Problem description
Set the data down exactly as it stands, and keep its pictures out.

Available data
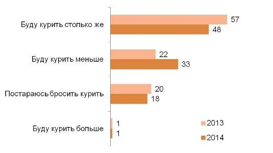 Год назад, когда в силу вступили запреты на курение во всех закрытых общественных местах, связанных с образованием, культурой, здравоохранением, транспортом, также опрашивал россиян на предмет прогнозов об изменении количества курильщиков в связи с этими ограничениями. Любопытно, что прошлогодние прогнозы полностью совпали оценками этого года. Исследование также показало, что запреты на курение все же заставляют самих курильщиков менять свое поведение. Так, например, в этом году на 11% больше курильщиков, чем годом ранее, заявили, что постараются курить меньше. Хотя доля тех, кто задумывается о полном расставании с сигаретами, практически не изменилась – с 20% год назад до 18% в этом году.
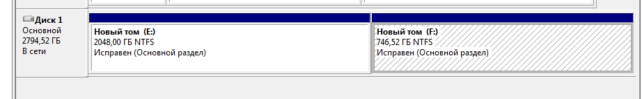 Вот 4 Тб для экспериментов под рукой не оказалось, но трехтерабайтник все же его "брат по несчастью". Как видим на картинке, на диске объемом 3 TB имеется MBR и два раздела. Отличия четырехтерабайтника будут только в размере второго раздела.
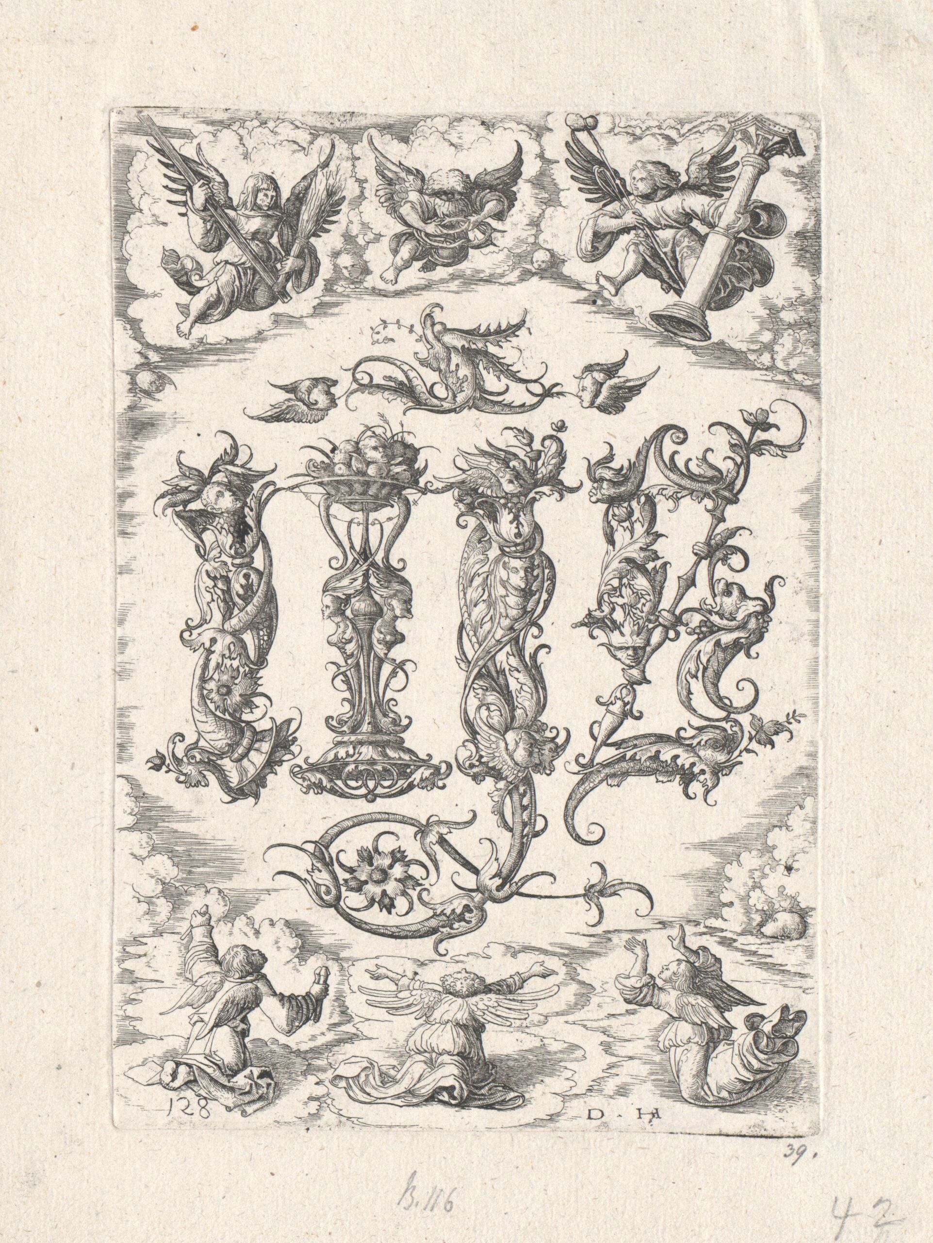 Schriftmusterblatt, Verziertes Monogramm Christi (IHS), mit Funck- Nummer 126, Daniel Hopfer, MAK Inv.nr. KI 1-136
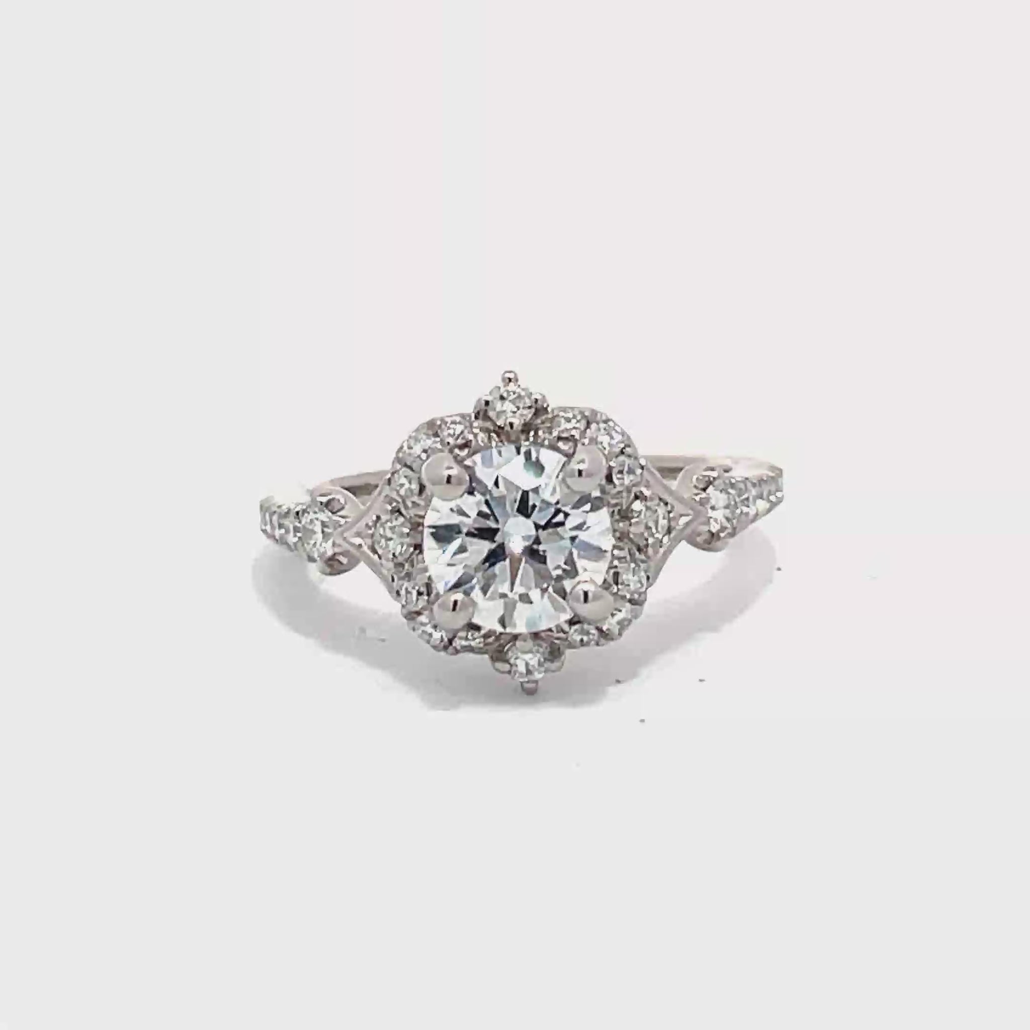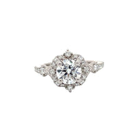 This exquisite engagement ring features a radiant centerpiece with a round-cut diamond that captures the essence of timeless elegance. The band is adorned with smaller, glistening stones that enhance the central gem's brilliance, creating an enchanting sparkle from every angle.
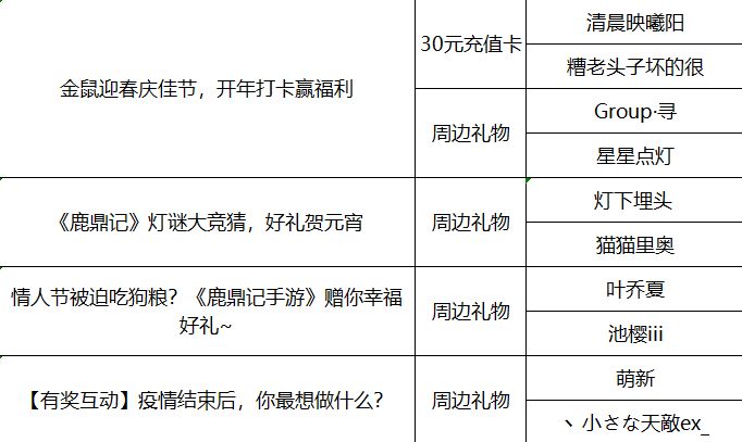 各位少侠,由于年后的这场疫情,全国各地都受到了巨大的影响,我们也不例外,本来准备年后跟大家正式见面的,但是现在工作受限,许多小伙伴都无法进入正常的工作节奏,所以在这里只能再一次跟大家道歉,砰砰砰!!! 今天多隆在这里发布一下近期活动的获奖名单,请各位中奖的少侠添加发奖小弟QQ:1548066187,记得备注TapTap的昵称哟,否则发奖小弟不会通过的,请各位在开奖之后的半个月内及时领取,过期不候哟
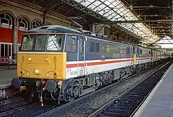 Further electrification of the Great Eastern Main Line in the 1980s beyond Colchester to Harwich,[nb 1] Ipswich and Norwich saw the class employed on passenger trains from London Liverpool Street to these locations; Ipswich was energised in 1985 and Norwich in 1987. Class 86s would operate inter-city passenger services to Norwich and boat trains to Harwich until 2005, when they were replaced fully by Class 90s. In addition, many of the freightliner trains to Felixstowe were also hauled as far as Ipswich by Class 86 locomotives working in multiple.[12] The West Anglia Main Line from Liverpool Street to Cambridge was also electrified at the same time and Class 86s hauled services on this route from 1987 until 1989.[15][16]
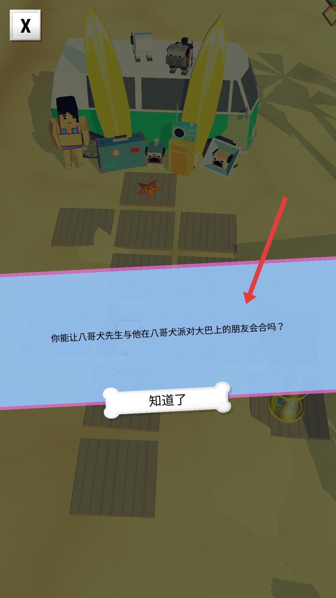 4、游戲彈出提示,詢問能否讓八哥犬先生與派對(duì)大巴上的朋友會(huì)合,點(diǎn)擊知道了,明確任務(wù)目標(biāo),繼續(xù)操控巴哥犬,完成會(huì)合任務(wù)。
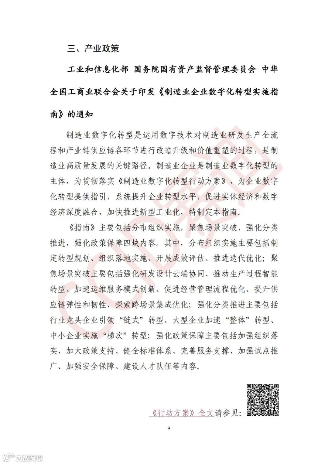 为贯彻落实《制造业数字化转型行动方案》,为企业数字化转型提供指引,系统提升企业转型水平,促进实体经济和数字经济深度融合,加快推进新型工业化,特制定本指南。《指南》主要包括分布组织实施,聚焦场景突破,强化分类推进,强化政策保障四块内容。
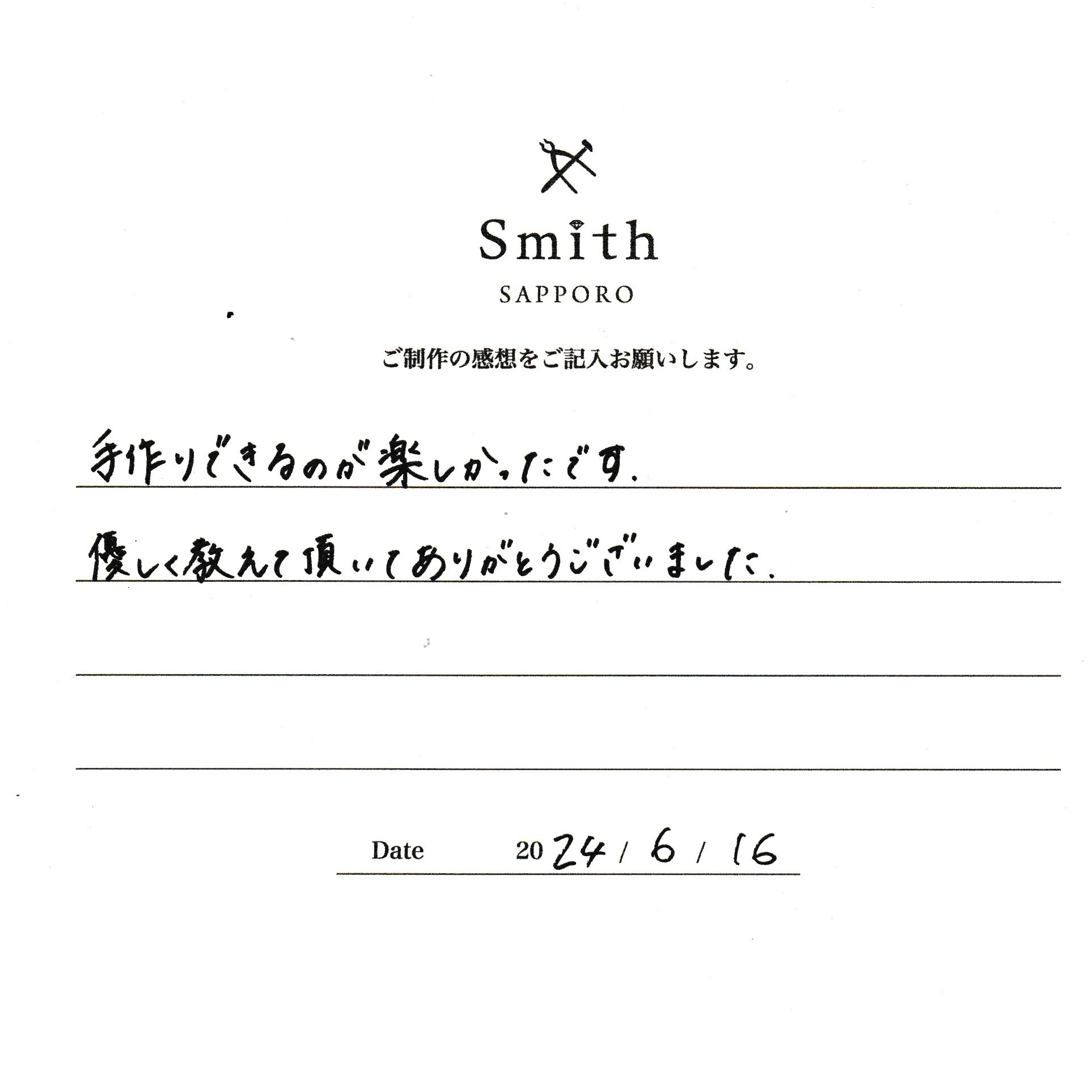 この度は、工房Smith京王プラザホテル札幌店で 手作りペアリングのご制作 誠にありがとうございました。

Answer area
 Год назад, когда в силу вступили запреты на курение во всех закрытых общественных местах, связанных с образованием, культурой, здравоохранением, транспортом, также опрашивал россиян на предмет прогнозов об изменении количества курильщиков в связи с этими ограничениями. Любопытно, что прошлогодние прогнозы полностью совпали оценками этого года. Исследование также показало, что запреты на курение все же заставляют самих курильщиков менять свое поведение. Так, например, в этом году на 11% больше курильщиков, чем годом ранее, заявили, что постараются курить меньше. Хотя доля тех, кто задумывается о полном расставании с сигаретами, практически не изменилась – с 20% год назад до 18% в этом году.
 Вот 4 Тб для экспериментов под рукой не оказалось, но трехтерабайтник все же его "брат по несчастью". Как видим на картинке, на диске объемом 3 TB имеется MBR и два раздела. Отличия четырехтерабайтника будут только в размере второго раздела.
 Schriftmusterblatt, Verziertes Monogramm Christi (IHS), mit Funck- Nummer 126, Daniel Hopfer, MAK Inv.nr. KI 1-136
 This exquisite engagement ring features a radiant centerpiece with a round-cut diamond that captures the essence of timeless elegance. The band is adorned with smaller, glistening stones that enhance the central gem's brilliance, creating an enchanting sparkle from every angle.
 各位少侠,由于年后的这场疫情,全国各地都受到了巨大的影响,我们也不例外,本来准备年后跟大家正式见面的,但是现在工作受限,许多小伙伴都无法进入正常的工作节奏,所以在这里只能再一次跟大家道歉,砰砰砰!!! 今天多隆在这里发布一下近期活动的获奖名单,请各位中奖的少侠添加发奖小弟QQ:1548066187,记得备注TapTap的昵称哟,否则发奖小弟不会通过的,请各位在开奖之后的半个月内及时领取,过期不候哟
 Further electrification of the Great Eastern Main Line in the 1980s beyond Colchester to Harwich,[nb 1] Ipswich and Norwich saw the class employed on passenger trains from London Liverpool Street to these locations; Ipswich was energised in 1985 and Norwich in 1987. Class 86s would operate inter-city passenger services to Norwich and boat trains to Harwich until 2005, when they were replaced fully by Class 90s. In addition, many of the freightliner trains to Felixstowe were also hauled as far as Ipswich by Class 86 locomotives working in multiple.[12] The West Anglia Main Line from Liverpool Street to Cambridge was also electrified at the same time and Class 86s hauled services on this route from 1987 until 1989.[15][16]
 4、游戲彈出提示,詢問能否讓八哥犬先生與派對(duì)大巴上的朋友會(huì)合,點(diǎn)擊知道了,明確任務(wù)目標(biāo),繼續(xù)操控巴哥犬,完成會(huì)合任務(wù)。
 为贯彻落实《制造业数字化转型行动方案》,为企业数字化转型提供指引,系统提升企业转型水平,促进实体经济和数字经济深度融合,加快推进新型工业化,特制定本指南。《指南》主要包括分布组织实施,聚焦场景突破,强化分类推进,强化政策保障四块内容。
 この度は、工房Smith京王プラザホテル札幌店で 手作りペアリングのご制作 誠にありがとうございました。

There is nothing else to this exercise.